Please check each directory for source code to rank groups and plot results. Note that the pipeline for each assessment is rather different.
For monomer I am using my pipeline. For oligomers I am directly taking the results from Qian for convenience because there are complications in the methodology. Both are independently validated by each of us.
Raw data and processed data are available upon request.
data_process.py
is the main script for processing the data. It reads the CASP16 data and generates the input files for ranking related scripts.
get_raw_scores.py
reads the input files and generates the raw scores for each model, which will further be used for analysis of performances.
sum_z_scores.py
reads the z-scores and gets sum of z-scores for each measure. This will be used for plotting ranks.
ranking.ipynb
and head_to_head_playground.ipynb
are the scripts for ranking the models and generating the head-to-head test results.
The above scripts will provide the input for downstream analysis. Other jupyter notebooks are used for plotting the results.
CASP15_data_job
is the job for processing the data from CASP15.
monomer_EU_info
is the metadata for the monomer EU data.
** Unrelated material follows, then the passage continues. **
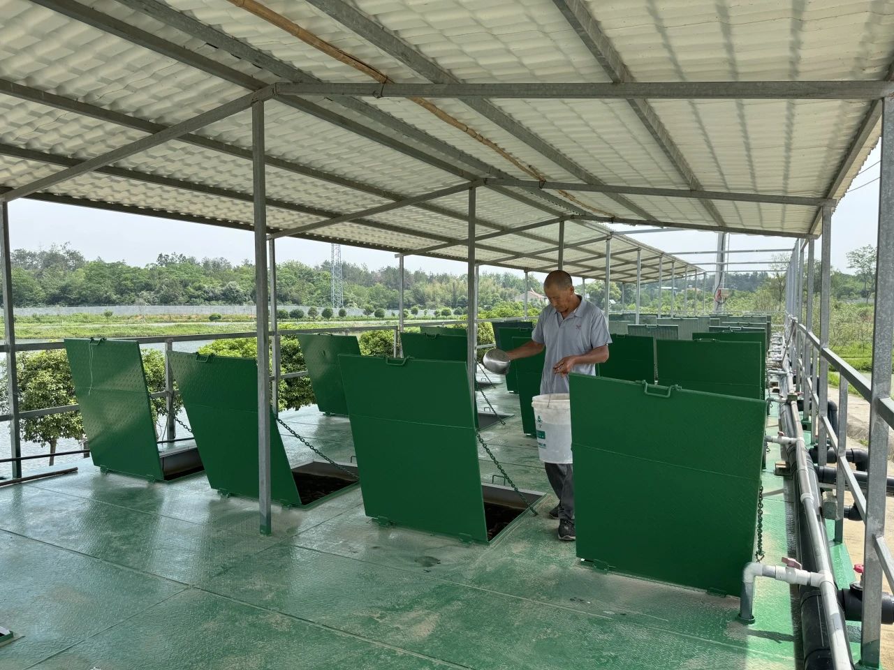 在基地另一头,池塘边的军绿色集装箱养殖系统格外醒目。这些25立方米的箱体通过24小时水循环系统,实现了最早期的设施化养殖突破,单箱年产鱼量超4000斤,是传统养殖产能的4倍。

It contains the information of each EU.
step7_results
is the file for difficulty partitioning.
data_process.py
is the script for processing the data from CASP16 website. However, since we have our own pipeline, the official data is not used for the final results.
get_raw_scores.ipynb
is the script for getting the raw scores from Qian's pipeline. These raw data will be further used for analysis of performances.
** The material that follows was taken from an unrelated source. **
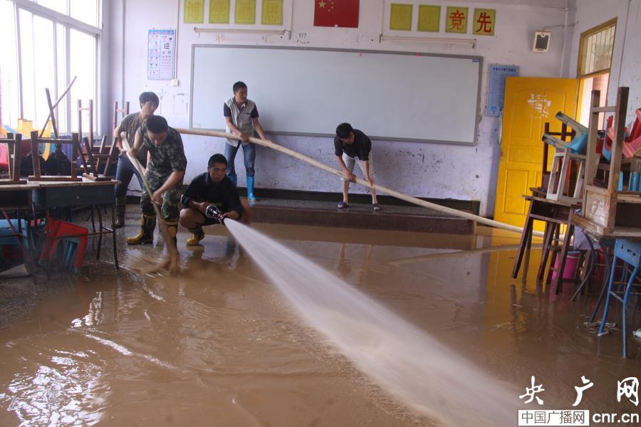 巫溪縣消防大隊官兵一大早就趕到了學校,消防官兵首先對學校食堂、教室、宿舍進行了清洗。記者看到,消防官兵沖刷過的地面比原來干凈了許多,消防官兵和學校工作人員正拿著掃把和水槍,在教室內(nèi)一邊沖洗一邊刷地,將教室一間一間的沖洗干凈。

rank_and_h2h_from_Qian.ipynb
is the script for ranking the models using Qian's data and generating the head-to-head test results.
The above scripts will provide the input for downstream analysis. Other jupyter notebooks are used for plotting the results.
process_data_CASP15.py
processes the data from CASP15.
stoich_bg_distribution.csv
is the file for background distribution of stoichiometry in PDB.
target_weights
is the file for how many subunits in each target. They will be transformed into weights for each target under our pipeline.
Some of the data are directly from Qian's pipeline. The notation is as follows:
stage1: raw data process
stage2: produce rankings
stage3: get insights from the data